Home > Comparison > Technology > KLAC vs MXL

The strategic rivalry between KLA Corporation and MaxLinear, Inc. shapes the semiconductor industry’s competitive landscape. KLA operates as a capital-intensive technology leader specializing in semiconductor process control and yield management. MaxLinear, by contrast, focuses on high-performance analog and mixed-signal communication SoCs, emphasizing connectivity solutions. This analysis explores their divergent operational models and competitive positioning to identify which company offers a superior risk-adjusted return for diversified portfolios amid evolving sector dynamics.

KLA vs MaxLinear: Company Comparison
Table of contents

Companies Overview

KLA Corporation and MaxLinear, Inc. are key players shaping semiconductor technology and communications infrastructure.

KLA Corporation: Semiconductor Process Control Leader

KLA Corporation dominates the semiconductor sector with process control and yield management solutions. It generates revenue by providing inspection, metrology, and diagnostic tools that optimize integrated circuit manufacturing. In 2026, the company focuses on enhancing advanced wafer inspection and expanding specialty semiconductor processing technologies to sustain its competitive edge.

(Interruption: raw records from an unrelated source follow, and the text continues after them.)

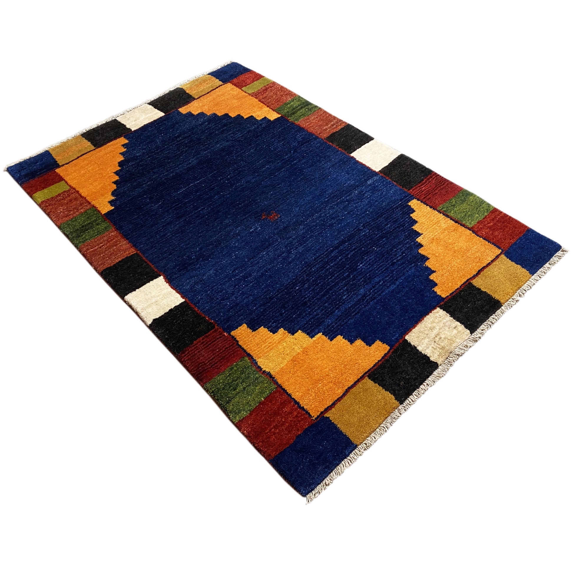 Dieser handgeknüpfte Gabbeh Teppich in 164x114cm Größe, gefertigt aus handgesponnener, pflanzengefärbter Wolle, bringt einen natürlichen, rustikalen Akzent in Ihr Zuhause. Das minimalistische Design mit zentralem Rautenmuster und lebendigen Farben macht ihn zu einem vielseitigen Element für moderne und traditionelle Einrichtungsstile, das Wärme und Charakter verleiht.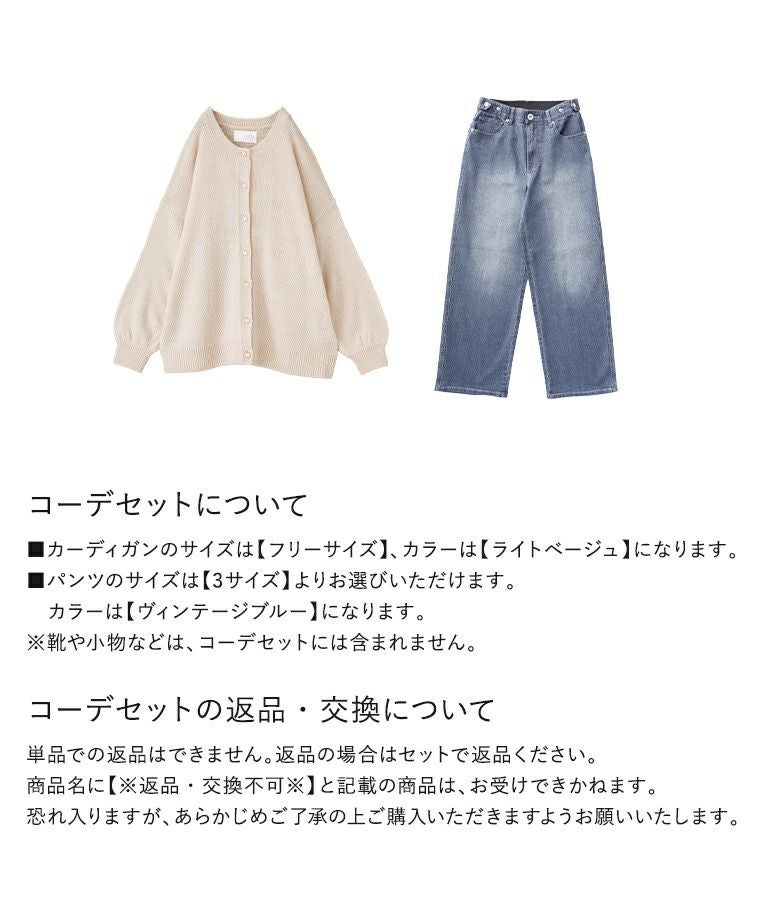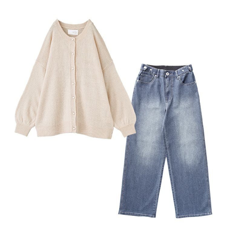 【送料無料】『モヘヤタッチカーディガン×ストレートデニムパンツコーデ2点SET』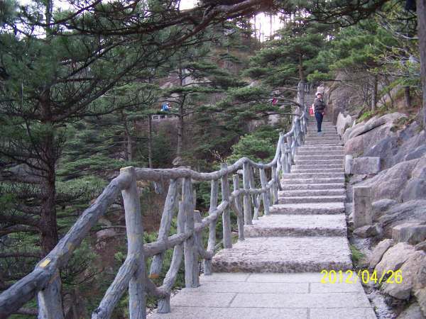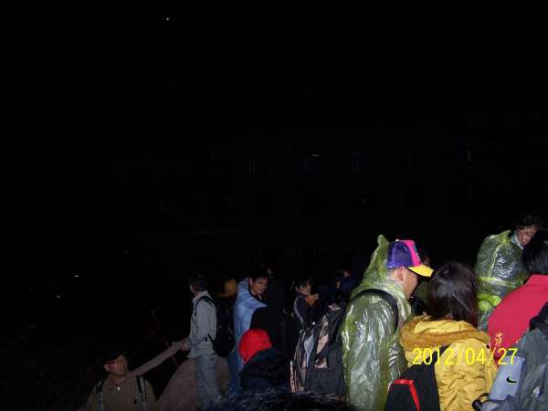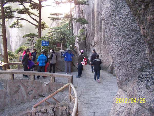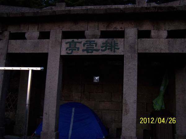 摸着黑往白云宾馆走,还好路上的游客来来往往的,不觉的怕怕,你瞅这排云亭下,这哥们已安营扎寨了,胆忒肥了,难道半夜要跟狐仙姐姐幽会……?羡慕嫉妒……哎呀,腿痛,走了一天的路,这可是、这可是山路啊,我要飞的更高、飞的更…,干脆直接飞床上吧。哈哈!一打听,从排云亭经飞来石再从光明顶山庄前绕下去,才能到白云宾馆。常人要走近1个小时,但,但瞅瞅俺俩经过一天黄山气场的熏陶现在已超凡脱俗了,达到了非常人状态,不信你走走,传说中的乾坤大挪移俺无师自通了,挪了两个多点,看到了灯火阑珊处的“白云”……,倒头睡,爱谁谁、爱昨地昨地;唉、唉哥们,麻烦把门关上,插上,把门插上,俺有梦游的习惯,谢谢啊。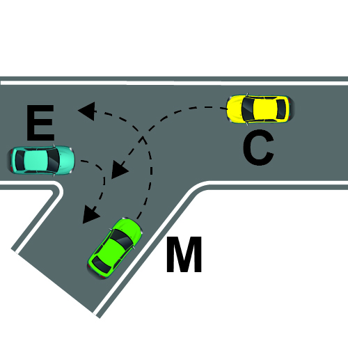 Në kryqëzimin e paraqitur në figurë, radha e kalimit të mjeteve është: E, M, C.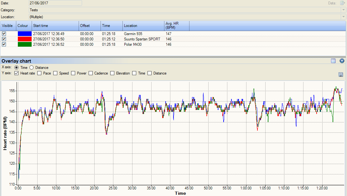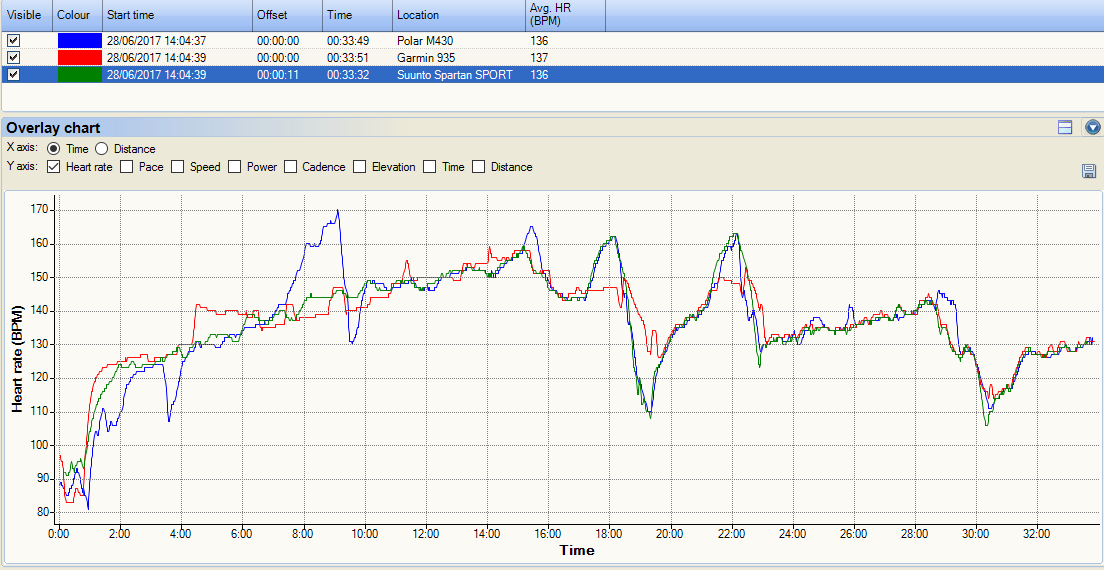 There are many factors affecting optical HR accuracy and the accuracy can sometimes seem to boil down to a personal thing, specific to you. IF you are looking for accuracy that previous point SHOULD give you some cause for concern when you buy any optical HR device. Below you can see the Garmin 235 and Polar M430; both of their optical sensors have worked GREAT on me….it might not be the same for you. Indeed I have had real problems with Garmin’s top-end Fenix 5x which, for me, wasn’t as good as the cheaper Garmin 235. Sigh.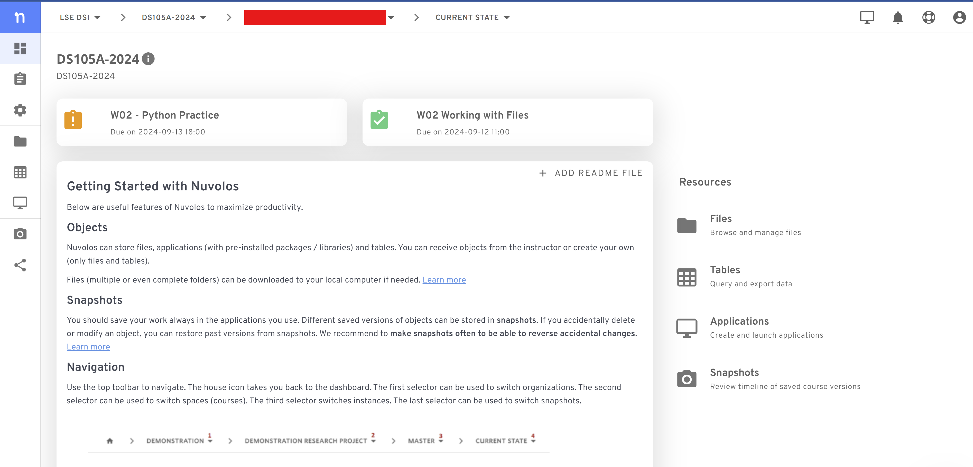 Figure 1. Your Nuvolos frontpage will have a ‘Space’ dedicated to this course. ⚠️ Warning: if the screenshot shows ‘DS105’ instead of ‘DS205’, it’s because I haven’t found the time to recreate the screenshot. Click on the ‘DS205-2025-2026’ word to access the Overview page.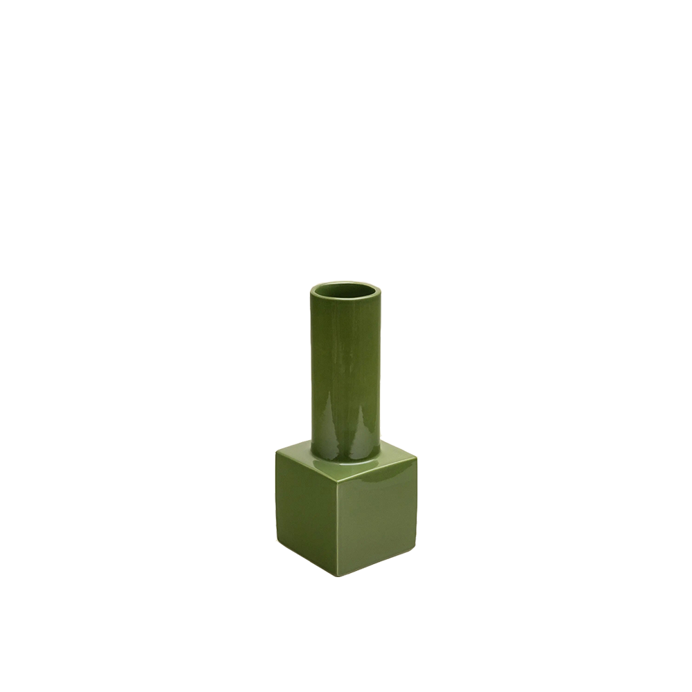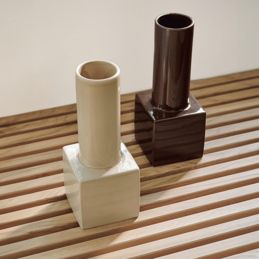 Display is gemaakt van steengoed, gekozen om zijn solide feel en verfijnde uitstraling. Het materiaal geeft een tactiel karakter dat mooi combineert met hout, textiel en natuursteen. De vier kleurvarianten laten zich makkelijk mixen met warme en koele paletten. In olijfgroen leg je een link met planten en andere natuurlijke tonen. Botergeel zet een subtiel grafisch accent in neutrale interieurs. Beige brengt rust, terwijl chocoladebruin juist diepte en warmte toevoegt. Gebruik de vaas met enkele losse bloemen voor een minimalistisch statement of laat hem leeg als sculpturaal object. Combineer desgewenst meerdere kleuren bij elkaar voor een speelse ritmiek op een sidetable of salontafel, en wissel per seizoen van tint om je interieur fris te houden.

MaxLinear, Inc.: Communications SoC Specialist

MaxLinear, Inc. specializes in high-performance radiofrequency and mixed-signal system-on-chip (SoC) solutions for wired and wireless communications. Its revenue stems from integrated components powering broadband modems, routers, and 4G/5G infrastructure. In 2026, MaxLinear prioritizes innovation in end-to-end communication platforms and expanding its footprint in data center and network transport markets.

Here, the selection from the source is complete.